A "brincadeira" pedia que cada brother e sister apontasse problemas nos adversários. Feito isso, se a maioria dos demais participantes concordasse com as acusações, o acusador deveria despejar um balde de água suja sobre a cabeça do acusado. A premissa do jogo, antes feito à base de argumentação e até de ataques verbais no limite da civilidade, dessa vez já partiu de um ato fisicamente invasivo, normatizando a agressão a seguir.

Se estivéssemos nos desenfreados anos 1990, quando a bizarrice imperava até em programas infantis, talvez Maria nem expulsa fosse. Nem a gente notaria nada de estranho em despejar água suja na cabeça de um adversário em programa dito de entretenimento. Mas pensávamos ter avançado algumas casas no tabuleiro da responsabilidade cabível aos veículos de mídia profissionais.

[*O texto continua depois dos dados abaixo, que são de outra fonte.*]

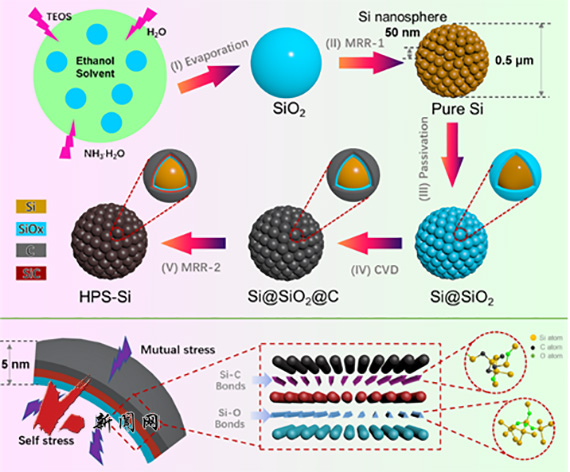硅因其高理论容量被认为是一种很有前途的锂离子电池负极材料,然而硅在锂化和脱锂过程中产生的应力会导致硅负极严重结构损伤和不稳定固态电解质界面,严重阻碍了硅负极实际应用。针对上述问题,安百钢教授团队和中科院金属研究所李峰研究员合作,设计了一种具有多级石榴状结构的硅负极(HPS-Si),其由共价键联接的亚纳米级SiO2-x、SiC和C多相层修饰纳米硅球自组装的亚微米级硅构成。这种多级石榴结构硅负极HPS-Si能有效调节硅充放电过程的应力变化以增强了负极电化学循环稳定性能。相关成果“Hierarchical pomegranate-structure design enables stress management for volume release of Si anode”在线发表于《Journal of Materials Science & Technology》。DOI: 10.1016/j.jmst.2023.02.014。论文第一作者为化工学院2019级博士研究生狄方。(供稿单位:化工学院 图片来源:化工学院)

Há duas décadas, em especial, testando a liberdade conquistada com o fim da censura no Brasil, havia sempre um homem de sunga tentando pegar sabonetes debaixo d’água em uma banheira que, instalada no palco de Gugu Liberato, aos domingos, era ocupada por alguma beldade de biquíni feito de peças desobedientes diante das câmeras.

Havia pessoas com deficiência física expostas justamente por suas diferenças, de pessoas com nanismo a figuras chamadas de E.T., Latininho e afins. Até sushi erótico serviram às três da tarde de um domingo, em pleno "Domingão do Faustão".

Isso foi em 1997, e só foram perceber que talvez aquilo não fosse muito normal depois que a aberração já estava no ar. Mas quem teve a chance de conferir as chamadas para a tal atração, ao longo da semana, percebeu que a coisa ia dar ruim. E deu. Foi o teto do festival do sem noção. A vantagem é que aquele episódio teve o poder de reconectar os programadores às suas metas de criação e conteúdo.

Menos de dez anos depois, entre 2014 e 2016, Tatá Werneck e Fábio Porchat visitaram esse universo com a lente de aumento que só o humor permite. Era o "Tudo pela Audiência", um programa feito para o canal Multishow.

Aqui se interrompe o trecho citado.